Anti-Inflammatory Activity of Bee Venom in BV2 Microglial Cells: Mediation of MyD88-Dependent NF-κB Signaling Pathway

Abstract EN

Bee venom has long been used as a traditional folk medicine in Korea.

It has been reportedly used for the treatment of arthritis, cancer, and inflammation.

Although its anti-inflammatory activity in lipopolysaccharide- (LPS-) stimulated inflammatory cells has been reported, the exact mechanism of its anti-inflammatory action has not been fully elucidated.

Therefore, the aim of this study was to investigate the anti-inflammatory mechanism of bee venom in BV2 microglial cells.

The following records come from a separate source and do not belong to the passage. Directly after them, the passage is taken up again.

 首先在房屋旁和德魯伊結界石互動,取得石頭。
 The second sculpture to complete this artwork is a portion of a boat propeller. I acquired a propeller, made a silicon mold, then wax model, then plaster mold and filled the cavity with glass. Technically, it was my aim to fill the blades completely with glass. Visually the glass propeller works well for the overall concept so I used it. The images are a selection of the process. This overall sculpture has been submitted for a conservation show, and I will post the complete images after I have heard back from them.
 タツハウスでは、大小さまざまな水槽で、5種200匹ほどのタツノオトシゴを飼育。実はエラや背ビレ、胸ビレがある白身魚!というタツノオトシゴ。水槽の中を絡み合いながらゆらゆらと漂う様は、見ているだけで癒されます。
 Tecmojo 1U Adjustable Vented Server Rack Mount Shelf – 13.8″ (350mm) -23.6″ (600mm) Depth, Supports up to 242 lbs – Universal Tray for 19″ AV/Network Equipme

We first investigated whether NO production in LPS-activated BV2 cells was inhibited by bee venom, and further iNOS mRNA and protein expressions were determined.

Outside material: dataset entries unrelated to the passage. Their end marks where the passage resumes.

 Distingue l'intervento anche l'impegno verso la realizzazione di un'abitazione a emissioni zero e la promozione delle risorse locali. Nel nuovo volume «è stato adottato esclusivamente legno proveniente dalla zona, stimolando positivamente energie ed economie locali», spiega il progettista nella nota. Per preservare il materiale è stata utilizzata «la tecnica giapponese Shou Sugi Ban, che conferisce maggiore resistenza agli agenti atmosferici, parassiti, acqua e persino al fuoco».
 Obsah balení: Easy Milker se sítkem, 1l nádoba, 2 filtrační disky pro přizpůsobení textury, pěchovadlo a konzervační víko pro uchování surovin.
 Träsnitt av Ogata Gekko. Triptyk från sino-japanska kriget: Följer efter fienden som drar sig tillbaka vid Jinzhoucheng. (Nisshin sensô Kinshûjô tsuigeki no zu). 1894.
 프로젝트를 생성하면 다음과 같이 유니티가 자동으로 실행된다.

The mRNA and protein levels of proinflammatory cytokines were examined using semiquantitative RT-PCR and immunoblotting, respectively.

Moreover, modulation of the transcription factor NF-κB by bee venom was also investigated using a luciferase assay.

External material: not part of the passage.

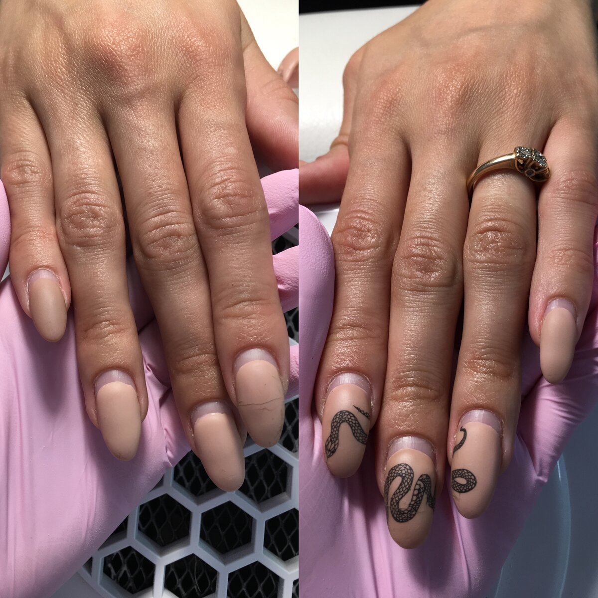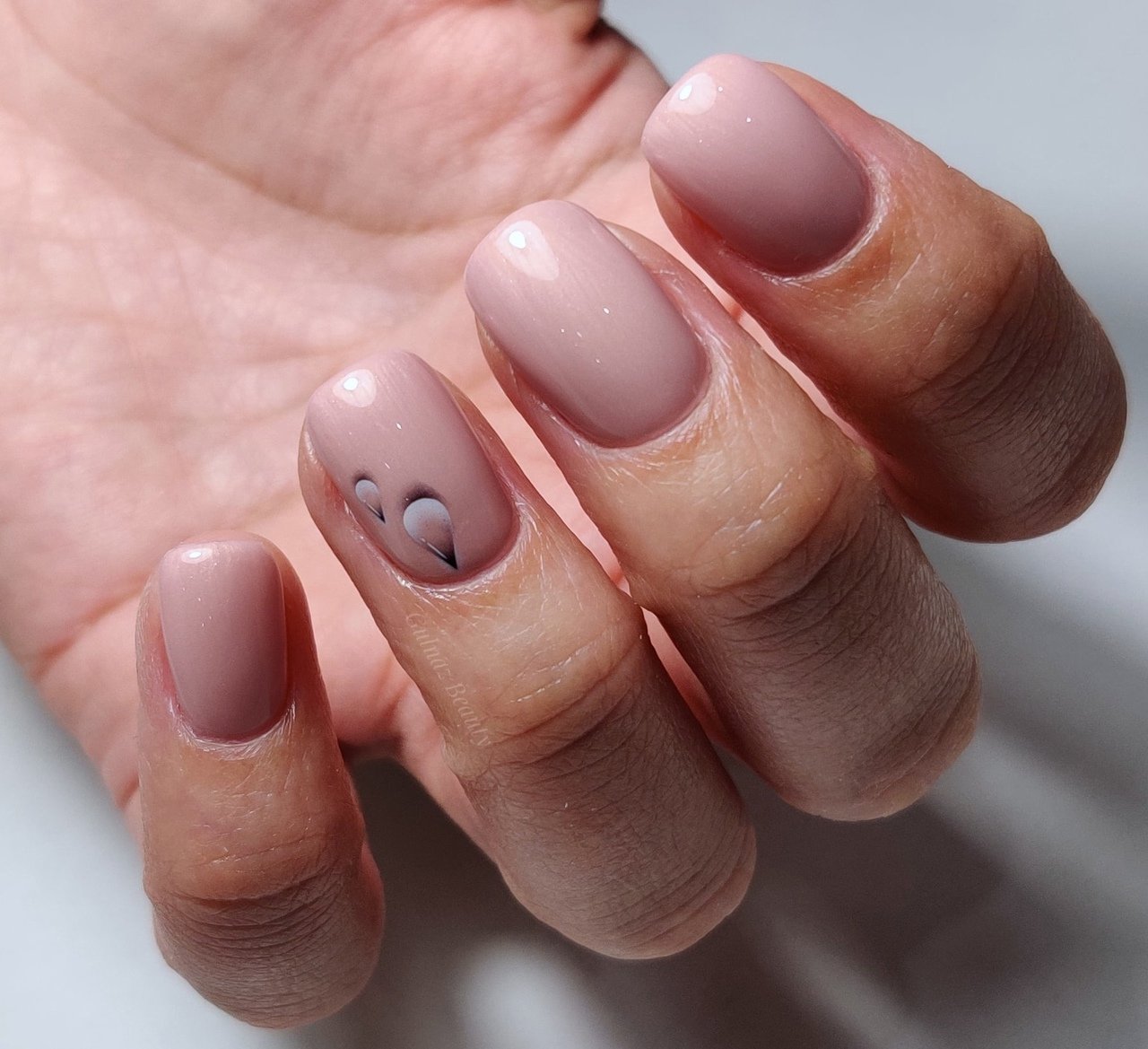 Матовый нюдовый маникюр выделяем один палец

LPS-induced NO production in BV2 microglial cells was significantly inhibited in a concentration-dependent manner upon pretreatment with bee venom.

Bee venom markedly reduced the mRNA expression of COX-2, TNF-α, IL-1β, and IL-6 and suppressed LPS-induced activation of MyD88 and IRAK1 and phosphorylation of TAK1.

Moreover, NF-κB translocation by IKKα/β phosphorylation and subsequent IκB-α degradation were also attenuated.

Thus, collectively, these results indicate that bee venom exerts its anti-inflammatory activity via the IRAK1/TAK1/NF-κB signaling pathway.